Innovative Industrial Properties: Great Opportunities Ahead For This Industry Leader
Summary:
- Innovative Industrial Properties, Inc. offers a unique investment opportunity in the cannabis real estate sector. It offers a safe dividend and solid financial situation while holding the top position.
- The company’s strong financial performance proves noteworthy, with solid profitability ratios and excellent metrics.
- The Cannabis market is positioned for very fast growth in the coming years, as it welcomes millions of consumers and becomes every more accepted.
- The IIPR stock has a great combination of a sound financial position, a track record of dividend growth, dividend safety, and a leadership position in a growing market.
Investment Thesis
Innovative Industrial Properties, Inc. (NYSE:IIPR) is the leader of the nascent legal cannabis REITs market segment; with an extremely solid financial situation, a safely covered dividend of 5.61%, and plenty of growth potential, this stock is an excellent opportunity to get into a market that could explosively grow in the coming years.
The Fast-Growing Cannabis Industry
The U.S. is experiencing a green rush, with cannabis recreational and medicinal uses both seeing a growing trend; marijuana, once illegal in all 50 states and highly persecuted, has now become an attractive investment opportunity.
I have already written about how this industry is poised to grow at a 12.1% CAGR until 2030 in my previous analysis of NLCP.
We are now at an inflection point, with record numbers of cannabis even surpassing beer in the U.S. and landslide support for legalization.
This market is clearly on an uptrend, and I believe, as a result of my analysis, that the best shots for upside in this industry are young REITs specialized in the market.
Both unburdened by previous experiences and strategies, they can focus on what works in a new market and evolve alongside it.
However, new markets can compound the inherent dangers of new companies, so REITs actually act as hedges; instead of depending on just one cannabis stock, you can charge rent on dozens or hundreds of them.
During the gold rush in California, it would have been much less risky and overall more profitable to hold a REIT that charged rent on mining businesses and services that the miners use, instead of just investing all into a mine.

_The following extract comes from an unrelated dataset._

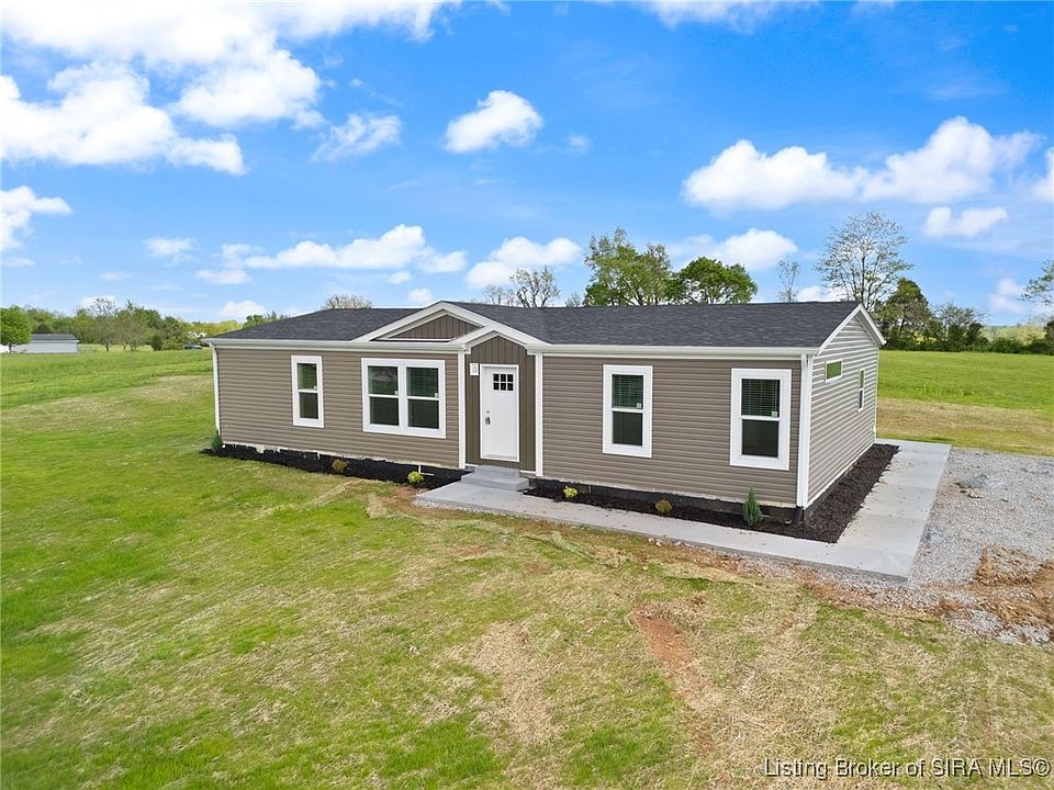 Experience country living with a brand-new construction home, offering 1,800 sq. ft. of meticulously designed living space on 1.5 acres of flat, usable land. As you step inside, you'll be greeted by an open-concept layout enhanced by lofty ceilings. The large double-pane windows flood the home with natural light, creating a warm and welcoming ambiance. The three-dimensional roof adds a touch of architectural elegance. The main living area features durable vinyl flooring, perfectly complementing the plush carpeting found in the three spacious bedrooms, including a luxurious master suite. Each bedroom is equipped with ample closet space. The modern-style bathrooms are truly awe-inspiring, designed with contemporary fixtures and finishes that will leave you impressed. For those who work from home or need a dedicated space for productivity, the built-in office area is a standout feature. It includes a large window that allows natural light to pour in, creating an inspiring work environment. The heart of the home, the dream kitchen, boasts sleek laminate countertops, an abundance of cabinet space, and a large kitchen island perfect for meal prep and entertaining. Stainless steel appliances add a modern touch to this culinary haven. Conveniently located just minutes from State Road 64, this home offers easy access to all your daily necessities. Come and see this exceptional property for yourself. We promise it will exceed your expectations and leave you eager to make it your own.

The principle is the same for the cannabis green rush.
The market is expected to reach 46 billion in sales by 2026, making it one of the fastest-growing consumer markets with significant overlap in the healthcare industry, adding an interesting profile.
IIPR And Its Place In The Green Rush
Innovative Industrial Properties holds the first place in the cannabis REITs segment; with a market cap of $3.79B, there is still plenty of space to grow.
IIPR has a well-diversified portfolio, with 7 million square feet of rentable space and 100% of its current tenants under a triple lease net. It is located in 19 states, including the largest cannabis market in the U.S., Michigan.
The green rush has created many investment opportunities, and so far, IIPR has managed to make a few of them its renters; with 30 tenants and 2.5B of Cannabis real estate under its wing, it holds a strong first place.
Of course, more diversification and more markets should be the primary goal of IIPR, as I believe it should really continue expanding and growing to better corner the cannabis market and establish an ever more firm holding on the newly legalized industry.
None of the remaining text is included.